* [What this task involves]: Please give back the lines from the line containing "New! Now with" through the end of the listing below, exactly as written and without pictures.

* [Supplied information]:
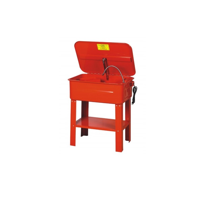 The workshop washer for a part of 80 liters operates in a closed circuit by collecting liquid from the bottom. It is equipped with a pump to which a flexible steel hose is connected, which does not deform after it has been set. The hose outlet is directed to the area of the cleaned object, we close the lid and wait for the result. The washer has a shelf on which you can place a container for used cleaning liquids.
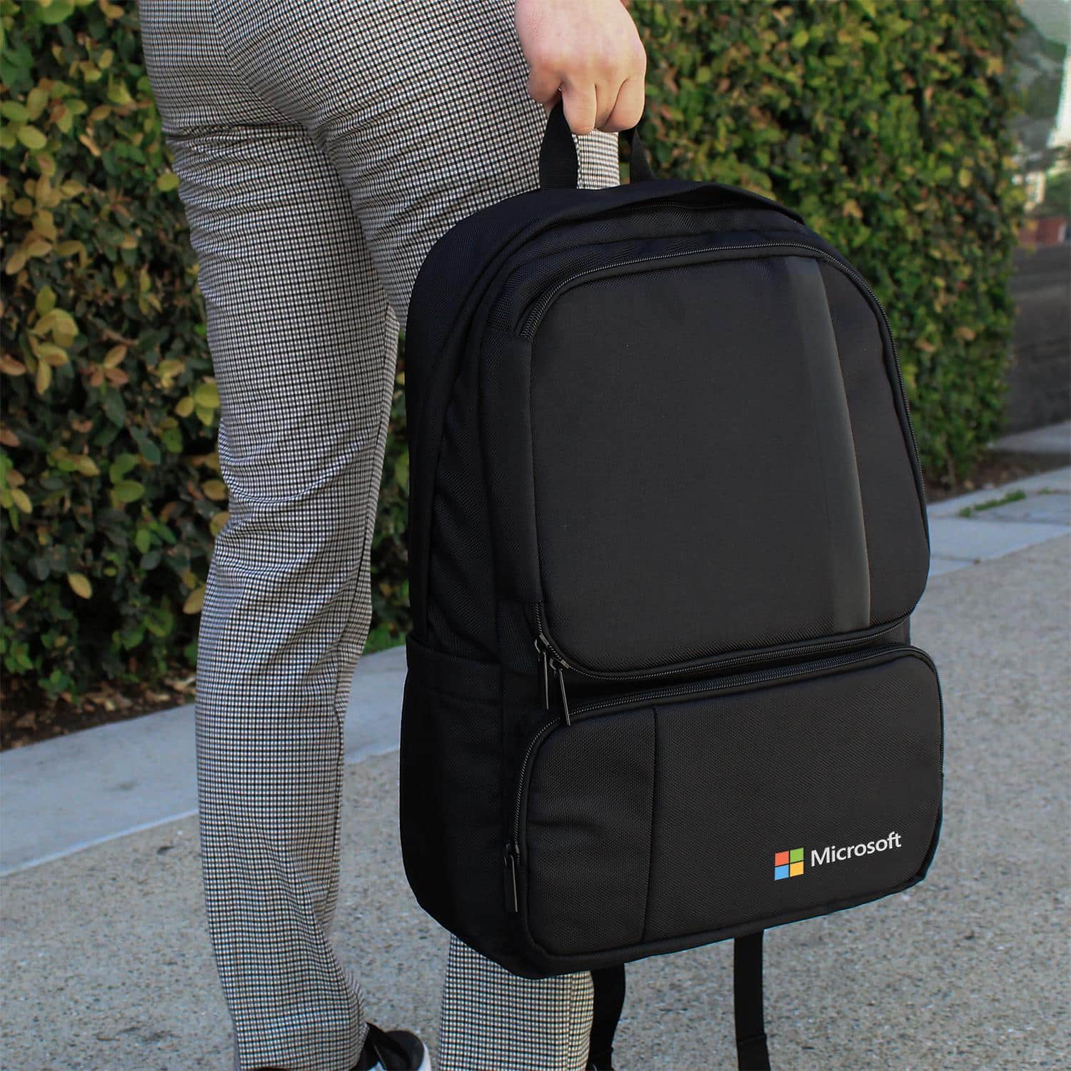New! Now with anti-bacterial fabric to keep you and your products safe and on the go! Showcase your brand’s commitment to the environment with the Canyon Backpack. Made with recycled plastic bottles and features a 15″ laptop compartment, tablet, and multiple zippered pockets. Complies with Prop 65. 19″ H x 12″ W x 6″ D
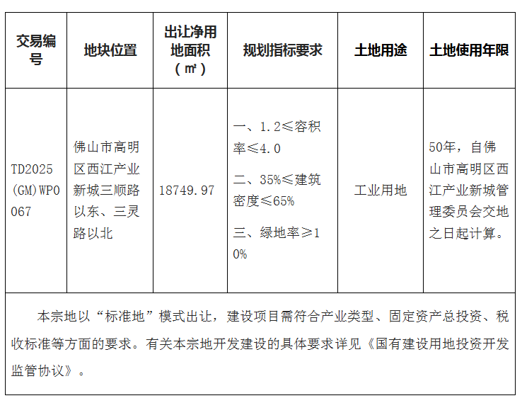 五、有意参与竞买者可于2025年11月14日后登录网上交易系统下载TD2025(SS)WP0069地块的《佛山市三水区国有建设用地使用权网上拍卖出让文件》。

* [Solution for this task]:
New! Now with anti-bacterial fabric to keep you and your products safe and on the go! Showcase your brand’s commitment to the environment with the Canyon Backpack. Made with recycled plastic bottles and features a 15″ laptop compartment, tablet, and multiple zippered pockets. Complies with Prop 65. 19″ H x 12″ W x 6″ D
 五、有意参与竞买者可于2025年11月14日后登录网上交易系统下载TD2025(SS)WP0069地块的《佛山市三水区国有建设用地使用权网上拍卖出让文件》。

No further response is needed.